Students are told to go to their counselors for general counseling, whether it be about school or their personal lives.

“I know that my counselor personally has helped me as best as she could with what she had,” Brown said. “I know talking to your teachers, too, really helps with whatever situation you’re going through as long as you trust them.”

This recommendation increases counselors’ workload even more, as they are getting more and more students not only in the school, but a higher percentage of those students are either being sent to counselors or are coming in themselves.

“I wasn’t able to get a lot of help until a really long time after the whole situation, and it escalated,” said junior Joe White, whose name has been changed by request. “[My counselor] was very busy and he wasn’t able to get to me right away, but as soon as he was aware of the situation to what extent it was, he was more active as a counselor and more active with me.”

Counselor Ivan Tunnell says that he and other counselors may refer students to outside psychologists if they need more services that they cannot provide on-campus.

“If it’s a crisis with just one person, then I would speak with parents and refer them to private therapy,” Tunnell said. “I do offer some general counseling, where I can do check-ins on a weekly basis or periodically, but it’s not going to be like a traditional therapy session where we’re going deep into issues.”

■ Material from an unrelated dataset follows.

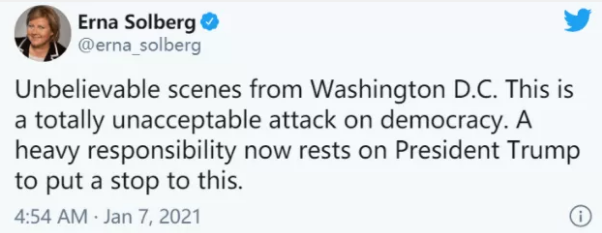 美國有線電視新聞網(CNN)消息稱,挪威首相索爾貝格在社交媒體上對美國局勢表示:“華盛頓特區的場面令人難以置信,這是對民主完全不可接受的攻擊。現在,制止這一情況的重任落在了特朗普總統身上。”

Some students may have problems with affording private therapy; to help, certain therapists offer flexible prices dependent on parents’ income, which allows some leeway. Despite that, this route is still not an option for some, whether it be because of insurance, transportation or the fact that they can’t go to their parents about therapy. These obstacles make on-campus resources more important.

“Every time I called [any private psychologist] listed on my insurance, they weren’t taking patients, or there was a wait list, and it was taking a long time to try to get an appointment,” Mrs. White said. “School counselors could try to fill in that gap when there’s a situation like that when [a student] can’t be seen right away, too.”

This year, the Child Abuse Prevention Council was also added to the school as an additional resource for students; however, this council doesn’t necessarily help all students, and it is not an adequate replacement for hiring more counselors.

“[CAPC] was a grant that … is statewide to try to do intervention for kids but they don’t do school-based, they do groups of prevention of suicide,” Pham-Peck said. “If students are suicidal they come in twice a week and they assist students that we are concerned about…. And it’s free so that’s why the district says instead of hiring more counselors who can oversee the full services they’re only going to do groups with [CAPC].”

Pham-Peck still assures students that they can come in to talk to their counselors if they need to.

“When you’re in crisis, come in here, we’ll take all the time we need to work with you,” Pham-Peck said. “If we can’t help you or if we think you need more we will refer you so that you can get the help you need. We will never turn away students.”